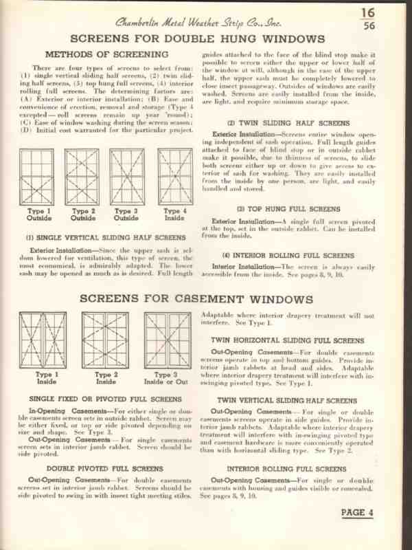 Chamberlin Metal Weather Strip Company 1938 Vintage Catalog Screens
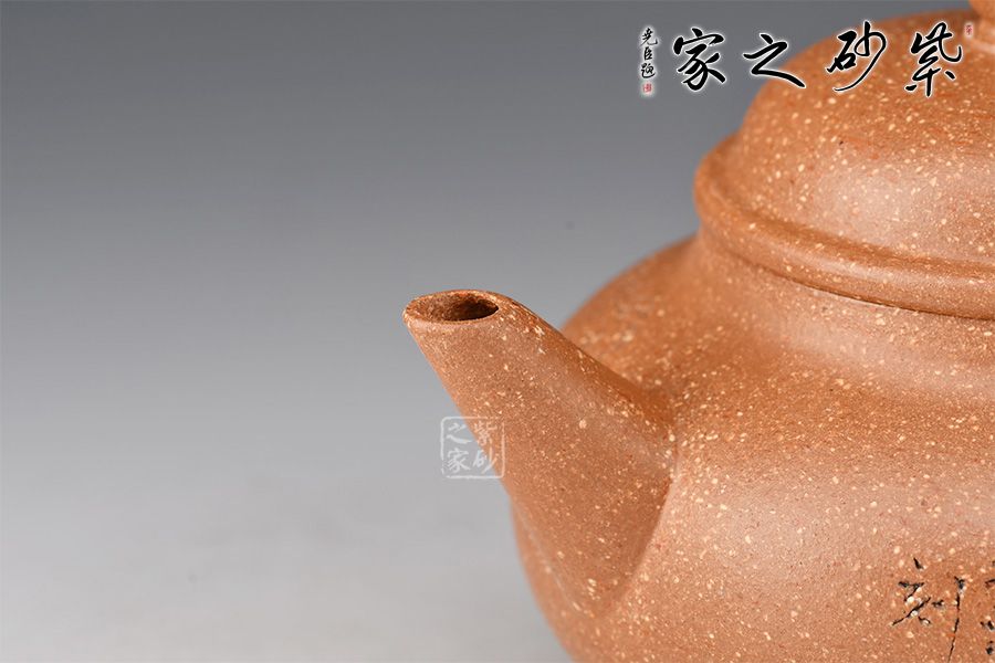 泥性:原礦因含緞泥、紅泥、紫泥等諸多共生礦,成陶之后,于深沉之“橙紅色”底上,滿(mǎn)佈五彩斑斕的粗細(xì)、深淺之紅、黃星斑點(diǎn)。
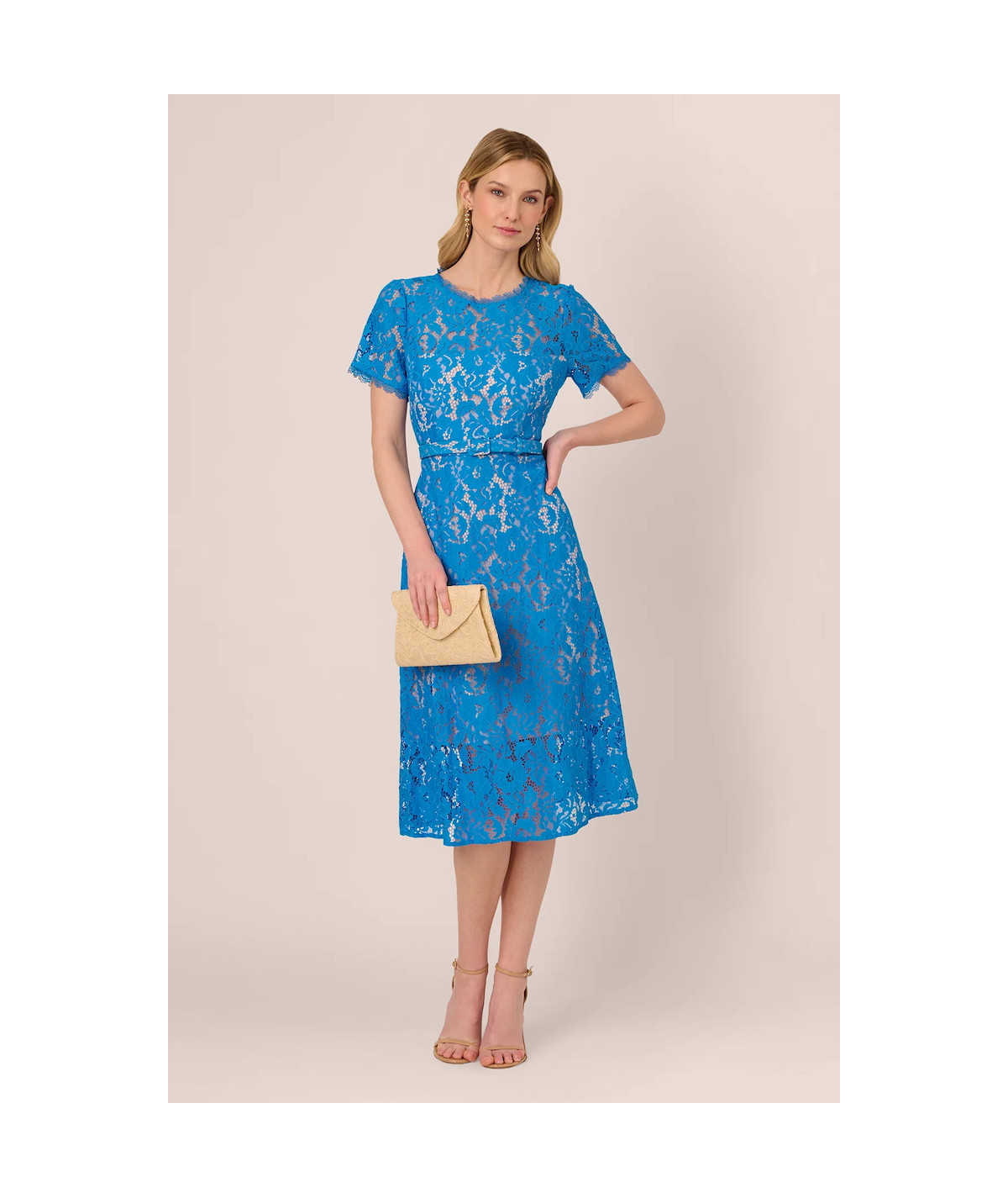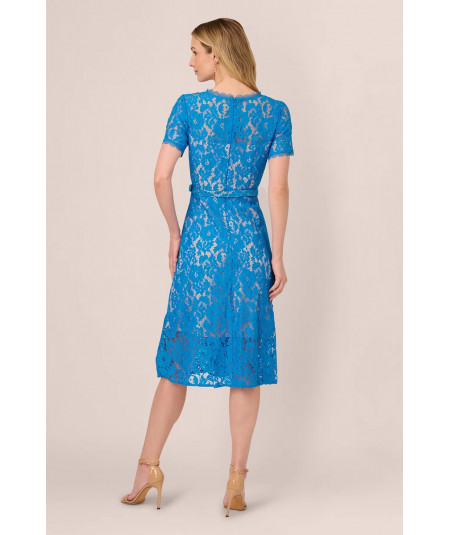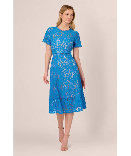 Resalta tu estilo con este vestido Adrianna Papell de encaje en color azul celeste, un diseño midi que combina delicadeza y sofisticación. Con mangas cortas, cuello redondo y un favorecedor corte en A, este vestido es ideal para bodas, cócteles, cenas elegantes y eventos formales. Su acabado en encaje floral añade un toque romántico y exclusivo, perfecto para destacar en cualquier ocasión especial.
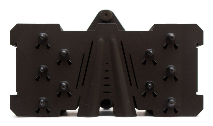 V-образный выступ смотрится агрессивно, но не факт, что он имеет какой-то практический смысл. Тепловые каналы расположены по оптимальной трапециевидной схеме, при которой тепло распределяется на всю площадь пластин равномерно, а сами трубки не мешают продувать радиатор.

▶ [GOAL OF THE EXERCISE] Take the preceding listing and transcribe it exactly, skipping the pictures.

▶ [SOLVED EXERCISE]
 Chamberlin Metal Weather Strip Company 1938 Vintage Catalog Screens
 泥性:原礦因含緞泥、紅泥、紫泥等諸多共生礦,成陶之后,于深沉之“橙紅色”底上,滿(mǎn)佈五彩斑斕的粗細(xì)、深淺之紅、黃星斑點(diǎn)。
 Resalta tu estilo con este vestido Adrianna Papell de encaje en color azul celeste, un diseño midi que combina delicadeza y sofisticación. Con mangas cortas, cuello redondo y un favorecedor corte en A, este vestido es ideal para bodas, cócteles, cenas elegantes y eventos formales. Su acabado en encaje floral añade un toque romántico y exclusivo, perfecto para destacar en cualquier ocasión especial.
 V-образный выступ смотрится агрессивно, но не факт, что он имеет какой-то практический смысл. Тепловые каналы расположены по оптимальной трапециевидной схеме, при которой тепло распределяется на всю площадь пластин равномерно, а сами трубки не мешают продувать радиатор.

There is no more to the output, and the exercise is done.